Blockchain Association calls for Gensler’s recusal from crypto enforcement decisions
Blockchain Association senior counsel Marisa Coppel contends that SEC Chair Gary Gensler has already compromised his impartiality on crypto enforcement.
The Blockchain Association is calling for SEC chair Gary Gensler to recuse himself from regulatory proceedings, claiming he demonstrates “clear bias” against the industry.
Senior counsel Marisa Coppel wrote today that Gensler’s statements proclaiming all cryptocurrencies besides Bitcoin to be securities show that he has “prejudged the facts” without adequately assessing the evidence and data, going so far past to say, “Chair Gensler’s goal is to make crypto illegal in America.”

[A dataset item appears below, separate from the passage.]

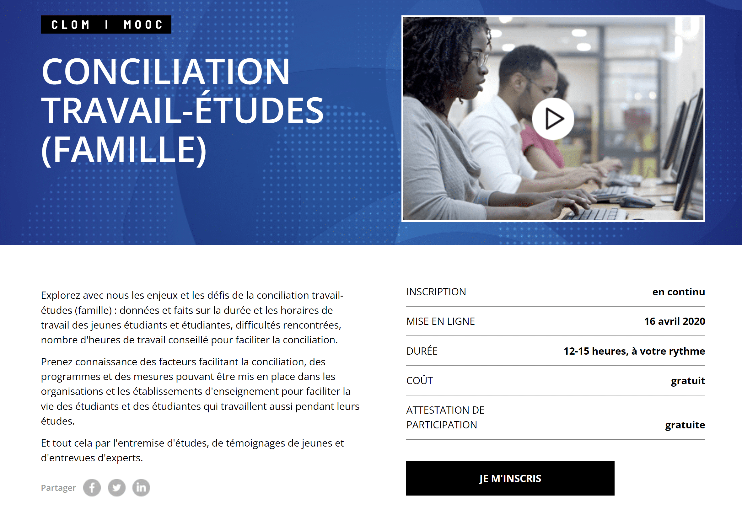 Cours en ligne ouvert sur la conciliation travail-étudesDescriptionCours en ligne ouvert (CLOM, ou MOOC) réalisé avec l’Université TÉLUQ visant à explorer les enjeux et les défis de la conciliation travail-études (famille) ainsi que les facteurs facilitant la conciliation, et des programmes et mesures pouvant être mis en place. Incluant des contenus pédagogiques, ainsi que des entrevues avec des jeunes et des experts, le cours est composé de trois modules qui peuvent être suivis gratuitement en ligne, au rythme souhaité par les participants. Public viséIntervenants et professionnels œuvrant auprès des jeunes, milieu académique, les jeunes eux-mêmes Coconstruction ou partenariatConçu en collaboration avec Diane-Gabrielle Tremblay de l’Université Téluq, dans le cadre des activités du volet Emploi et Entrepreneuriat de la Chaire-réseau de recherche sur la jeunesse du Québec (CRJ). Des membres cochercheurs (Jacques Hamel), étudiants (Émile Fiset) et partenaires (Regroupement des centres d’amitié autochtones du Québec [RCAAQ]) de la CRJ ont contribué à ce cours, en participant à des entrevues. En savoir plus : La conciliation travail-études des jeunes. |

She argued that this is made evident by the SEC’s recent enforcement action against an established crypto company like Coinbase despite the industry’s repeated requests for guidance and clarity.
Coppel said that the SEC has “abandoned its role as a rulemaking body” and refused to give the industry the clarity it needs around securities laws and how they apply to different products and services within the sector. Instead, the regulator has chosen to go into “enforcement overdrive.”
“With such clear bias, and such dereliction of the basic tenets of due process, the agency cannot fairly supervise the digital assets industry.”
Violation of due process
Coppel argues that the SEC’s decision to initiate enforcement action against Coinbase demonstrates a violation of due process by Gary Gensler. This alleged violation pertains to the so-called Wells process, which mandates that a company targeted by an enforcement action must be informed of the claimed violation and afforded an opportunity to respond to the allegations.
Upon the conclusion of the Wells process, a vote by the SEC Commissioners determines whether or not enforcement action will be pursued. It is essential, according to Coppel, that the Commissioners, in making this decision, do so without any semblance of bias.
Nevertheless, Coppel contends that Gensler has prematurely judged all cryptocurrencies but Bitcoin to be securities. This, in Coppel’s view, suggests an inherent bias, contradicting the obligation for impartiality when deciding to initiate an enforcement action against a company.
As such, she argued that he cannot hold a neutral position when voting on whether the regulator should pursue enforcement action, and doing so in the Coinbase case was a violation of due process.
She wrote, “Chair Gensler’s vote as to whether to bring an enforcement action is tainted with bias.”
Coppel used the precedents set in cases like American Cyanamid Co. v. FTC and Cinderella Career & Finishing Schs., Inc. v. FTC to bolster her arguments against the SEC Chair. Both cases concluded that agency officials must recuse themselves if they have prejudged the facts in any case.